▼▼▼

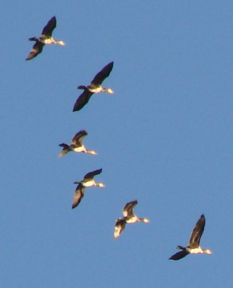 Сегодня после обеда рыбачил на Копылова. Между Телячкой и горой кружила стая голов 200-250. Пока фотик расчехлял, основной косяк ушел через гору в сторону Жигулевска. Небольшую стайку (25 голов) успел сфотать. ГусЬ????
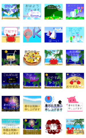 暑中見舞い(7月7日から8月7日ごろまで)や、残暑見舞い(8月8日ごろから8月末、遅くとも9月7日ごろまで)と夏用の日常挨拶のセットパック第2弾です。ちゃうちゃう より発売
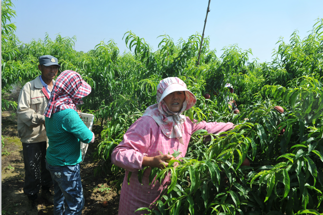 “到農(nóng)場(chǎng)來(lái)干活,距家又不遠(yuǎn),而且常年都有事做,家務(wù)事又不耽擱,每年很輕松收入就近兩萬(wàn)元。”李老漢一邊拎著塑料筐跟在婦女后邊放著桃,一邊跟筆者說(shuō)著。三四年前,李老漢就開始到果園里來(lái)務(wù)工,主要從事果樹的修剪、施肥、疏花、采摘、鋤草、澆水等管理工作。與李老漢那樣,僅新東村在果園常年打工的還有其他10多名村民。
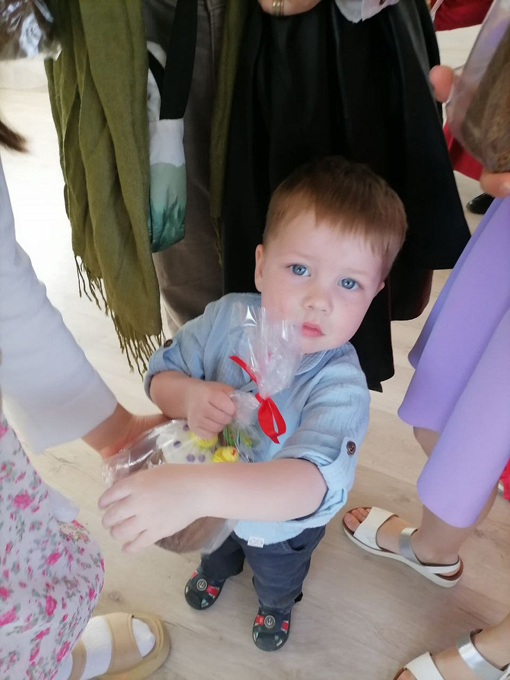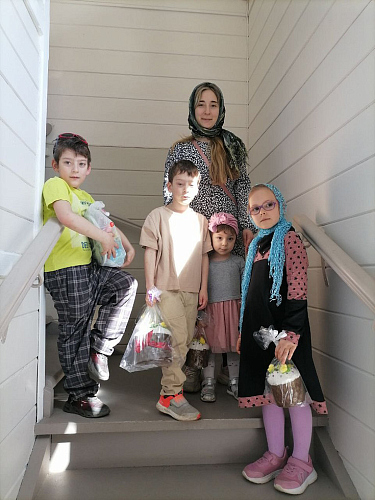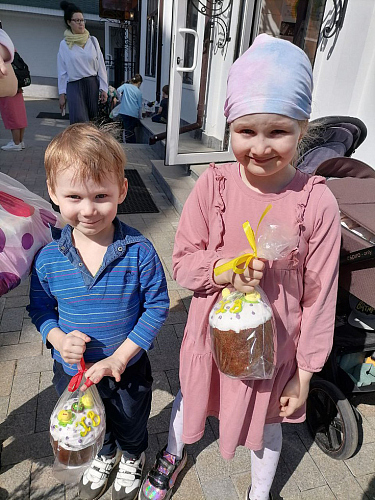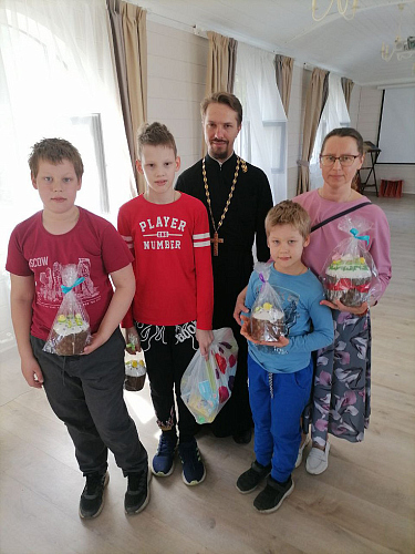 Дарили куличи и традиционные наборы к Пасхе. Подарки получил 91 ребенок из тридцати семей.
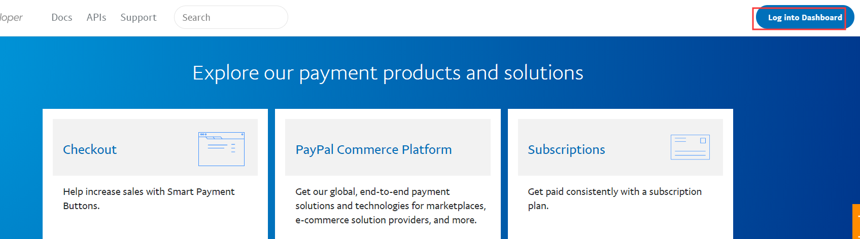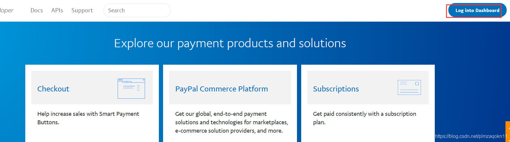 1、在浏览器中输入:https://developer.paypal.com/,登录刚创建的账号

▲▲▲

Each line above is to be copied exactly, and the pictures are to be dropped.

 Сегодня после обеда рыбачил на Копылова. Между Телячкой и горой кружила стая голов 200-250. Пока фотик расчехлял, основной косяк ушел через гору в сторону Жигулевска. Небольшую стайку (25 голов) успел сфотать. ГусЬ????
 暑中見舞い(7月7日から8月7日ごろまで)や、残暑見舞い(8月8日ごろから8月末、遅くとも9月7日ごろまで)と夏用の日常挨拶のセットパック第2弾です。ちゃうちゃう より発売
 “到農(nóng)場(chǎng)來(lái)干活,距家又不遠(yuǎn),而且常年都有事做,家務(wù)事又不耽擱,每年很輕松收入就近兩萬(wàn)元。”李老漢一邊拎著塑料筐跟在婦女后邊放著桃,一邊跟筆者說(shuō)著。三四年前,李老漢就開始到果園里來(lái)務(wù)工,主要從事果樹的修剪、施肥、疏花、采摘、鋤草、澆水等管理工作。與李老漢那樣,僅新東村在果園常年打工的還有其他10多名村民。
 Дарили куличи и традиционные наборы к Пасхе. Подарки получил 91 ребенок из тридцати семей.
 1、在浏览器中输入:https://developer.paypal.com/,登录刚创建的账号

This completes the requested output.